Aereo and The Autohop Case: A Big Day For TV in America
Tuesday is a big day for broadcast, ad-supported TV, and pay TV—as in broadband/over-the-top/streaming, cable, satellite and telco TV—in America.
That is because the United States Supreme Court begins the day with its oral hearing at 10 a.m. (ET) of the hyper-important Broadcasters v. Aereo case. Several hours later at 1 p.m. another critical airing takes place, in the form of the Autohop Case webinar, hosted and sponsored by Multichannel News and its sister publication, Broadcasting & Cable. More information and registration for the webinar is available here.

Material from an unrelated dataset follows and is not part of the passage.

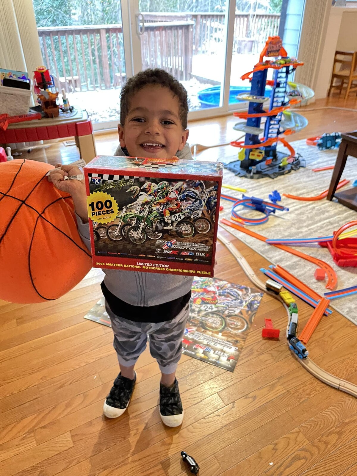 17 years ago while working at the Loretta Lynn Amateur Nationals, my friend Davey gave me this puzzle. I never opened it because I was set on giving it to my child one day. It moved with me to Idaho from Georgia, and to all 5 different houses I moved into out there and back to my house in Georgia and now at my current house. In some houses it was on display, others it was in a random box of stuff and yesterday my 3-year-old opened the puzzle. It was a bit warped from being stored in garages, etc, but it all came together! It’s crazy that this puzzle has traveled with me with the desire to have a baby always on my mind, and finally, 14 years after owning it, I brought Jack into this world… and today it was finally built! It was fun putting this puzzle together, together.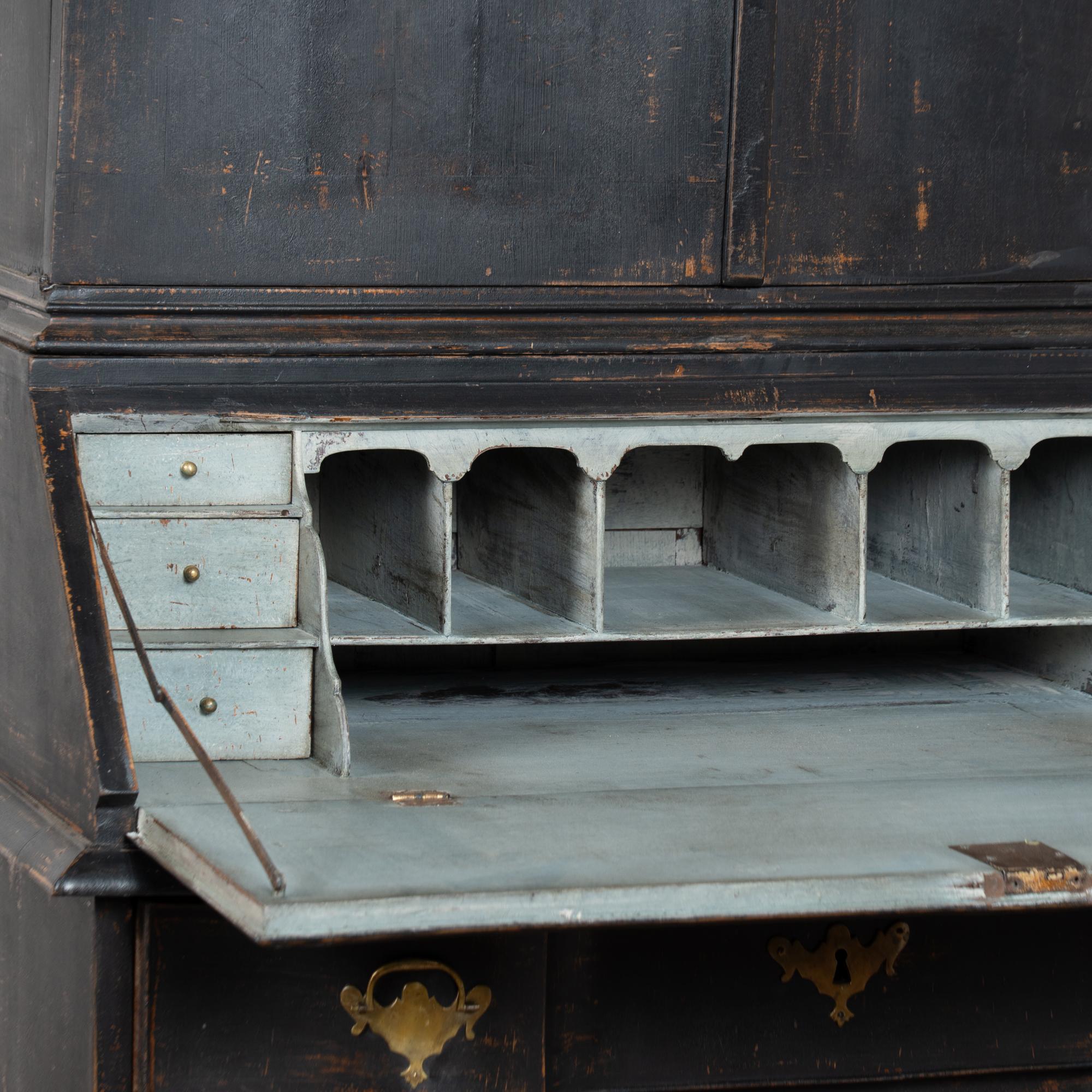 Late 18th-century Danish oak bureau or secretary featuring a newer professionally applied black layered painted finish, lightly distressed to reveal natural oak beneath and suit the age of the piece. The interior is painted a contrasting pale blue with gray undertones. The desktop opens on long hinges to reveal petite drawers and cubbies for storage and organization.

The 75-minute Autohop Case webinar is moderated by Jimmy Schaeffler, chairman and CSO of The Carmel Group consultancy. Panelists include John Hane, partner at Pillsbury, Winthrop, Shaw, Pittman; Seth Davidson, partner at Edwards Wildman Palmer LLP; John Bergmayer, senior staff attorney at Public Knowledge; and Jim Denney, vice president and general manager at TiVo. Some of the critical questions that will be addressed during the Autohop webinar:
• What’s the relationship between Autohop and Aereo?
• What does history and precedent say about the outcomes of both cases?
• Does the Autohop litigation pose a threat to the Cablevision RS-DVR precedent?
• If more content starts to move on demand, or online, can cable companies start offering their own online services (in other cable companies' territories)?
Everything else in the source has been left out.